■ Exercise description
Below are some entries. Repeat exactly the lines from the one with "для печати |" through the one with "Die Form des", and only those.

■ Records provided
=======

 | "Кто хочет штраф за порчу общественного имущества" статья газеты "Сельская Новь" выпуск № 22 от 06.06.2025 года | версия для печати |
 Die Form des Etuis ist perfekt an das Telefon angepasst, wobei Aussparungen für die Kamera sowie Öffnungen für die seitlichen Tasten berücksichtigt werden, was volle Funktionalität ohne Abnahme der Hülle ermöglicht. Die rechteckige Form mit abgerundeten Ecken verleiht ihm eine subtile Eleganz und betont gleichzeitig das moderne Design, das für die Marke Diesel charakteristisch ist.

=======

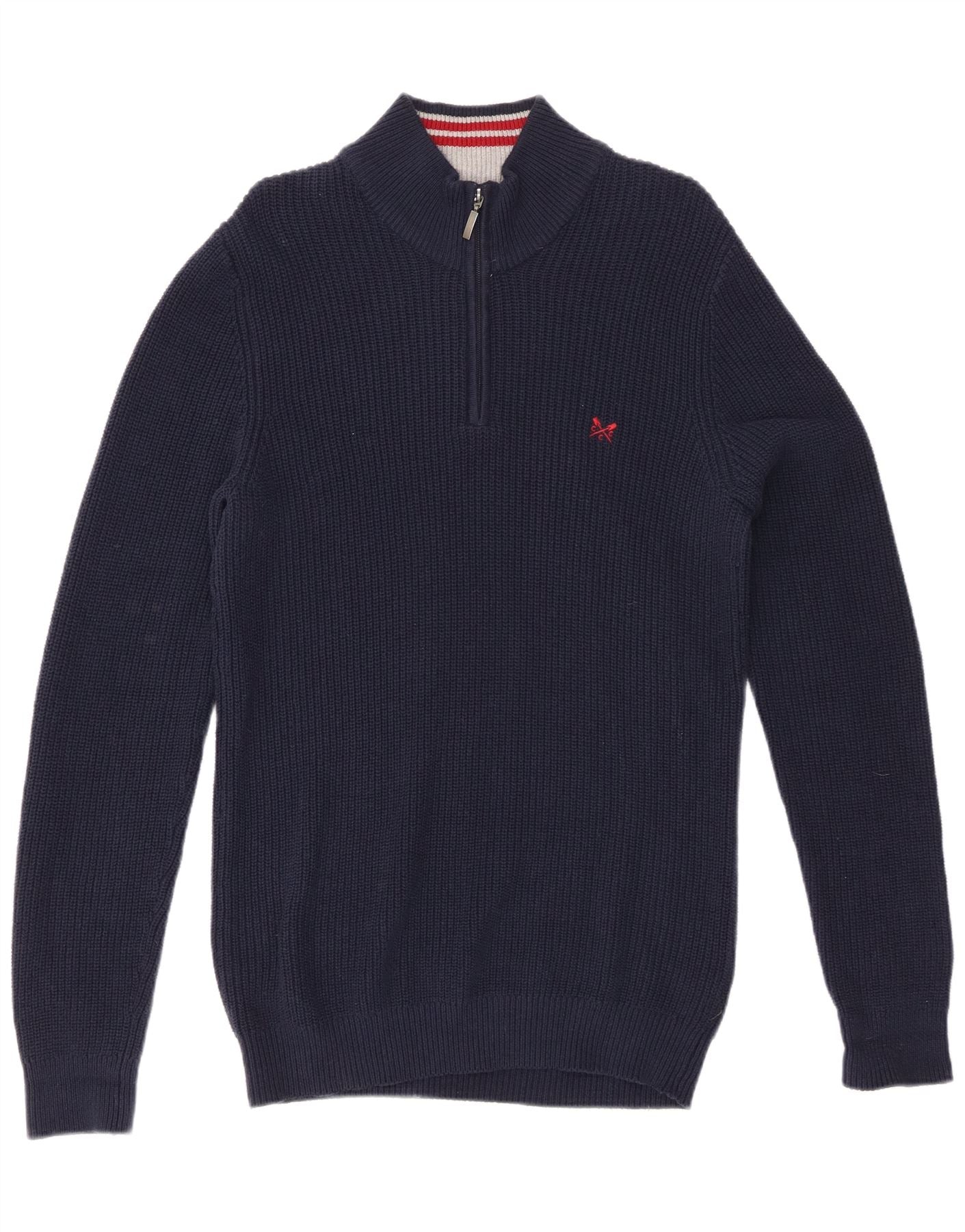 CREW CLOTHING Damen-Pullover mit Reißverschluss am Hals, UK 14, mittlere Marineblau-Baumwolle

=======

■ Reply to the exercise
 | "Кто хочет штраф за порчу общественного имущества" статья газеты "Сельская Новь" выпуск № 22 от 06.06.2025 года | версия для печати |
 Die Form des Etuis ist perfekt an das Telefon angepasst, wobei Aussparungen für die Kamera sowie Öffnungen für die seitlichen Tasten berücksichtigt werden, was volle Funktionalität ohne Abnahme der Hülle ermöglicht. Die rechteckige Form mit abgerundeten Ecken verleiht ihm eine subtile Eleganz und betont gleichzeitig das moderne Design, das für die Marke Diesel charakteristisch ist.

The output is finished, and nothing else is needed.